Simple full-text search with Elixir

This blog really doesn’t need a search feature. It has just five posts so far, and I’m guessing even fewer readers. But why should that stop me!

Inspired by a post I discovered about building a full-text search engine in 150 lines of Python, I thought it could be an interesting exercise in Elixir. Since this simple blog compiles all the markdown pages and loads the HTML into memory, all the search indexing could be done ahead of time too.

Elixir is a functional language, where piping data between functions is as easy as “|>”, so it makes this sort of indexing task quite easy to follow too.
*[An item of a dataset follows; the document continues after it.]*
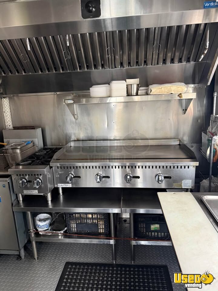 - Commercial flat top grill, fryer, and stovetop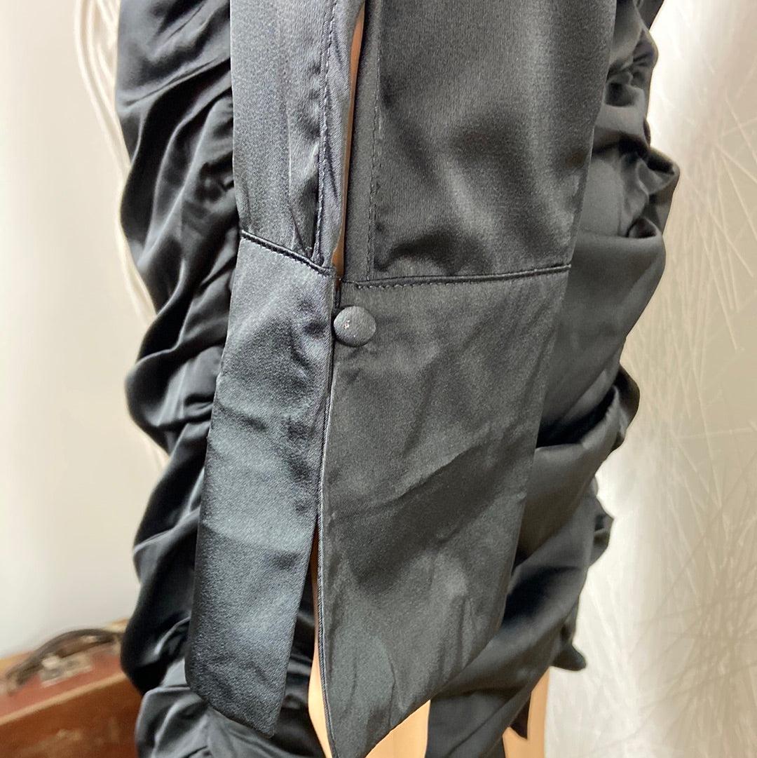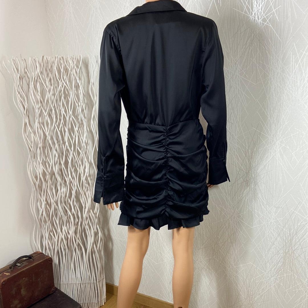 Robe courte noire satinée drapée manches longues Elenza

Most of the work is done in this 12 line function when the blog first loads:

def build_index(posts) do
  Stream.with_index(posts)
  |> Enum.reduce(%{}, fn ({post, current_post_index}, word_index) ->
    extract_text_from_markdown(post.markdown_body)
    |> String.replace(~r/[.,":;()<>?\\\/]+/, " ")
    |> String.downcase
    |> String.split(~r/\s+/)
    |> Enum.uniq
    |> Stemmer.stem
    |> add_words_to_index(current_post_index, word_index)
  end)
end

The function takes an array of posts, written in the Markdown format, and reduces over the collection to build up an index of each word used with a list of pages it appears in, just like the index you’d find in the back of any reference book:

"alongsid" => [0],
"along" => [4, 3],
"rubi" => [4, 2, 0],
"game" => [3, 3, 3],
"work" => [4, 4, 4, 3, 3, 2, 1, 0, 0, 0],
"sourc" => [3, 0],
"run" => [4, 4, 3, 3, 1, 1, 0, 0],
"understand" => [4]

By passing in just the Markdown, rather than the generated HTML, I can make sure to just index the text nodes. We still need to filter out some extra characters though, along with stemming each word.

The stemming process is why the words in the example above look a little strange. Take the “sourc” example, it is the stem of “source”, “sourced”, “sourcing” and “sources”. By just storing the stem now we can later stem the input search terms and find all similar uses of the word.

When you search for a word we then find it in the index and order the results by the frequency that the term appears in the post:

def find_by_frequency(index, stem) do
  case Map.fetch(index, stem) do
    {:ok, post_ids} ->
      Enum.frequencies(post_ids)
      |> Enum.sort_by(&(elem(&1, 1)), :desc)
      |> Enum.map(&(elem(&1, 0)))
    _ ->
      []
  end
end

The ordering by frequency could have been done at the earlier indexing step too, it will make no difference to performance for such a small index as it works now, but I’m sure the slight inefficiency will eventually motivate me to change this.

That seems like enough for now, but if you ever find yourself implementing this for a larger data set it would definitely be worth investigating ranking by inverse document frequency too.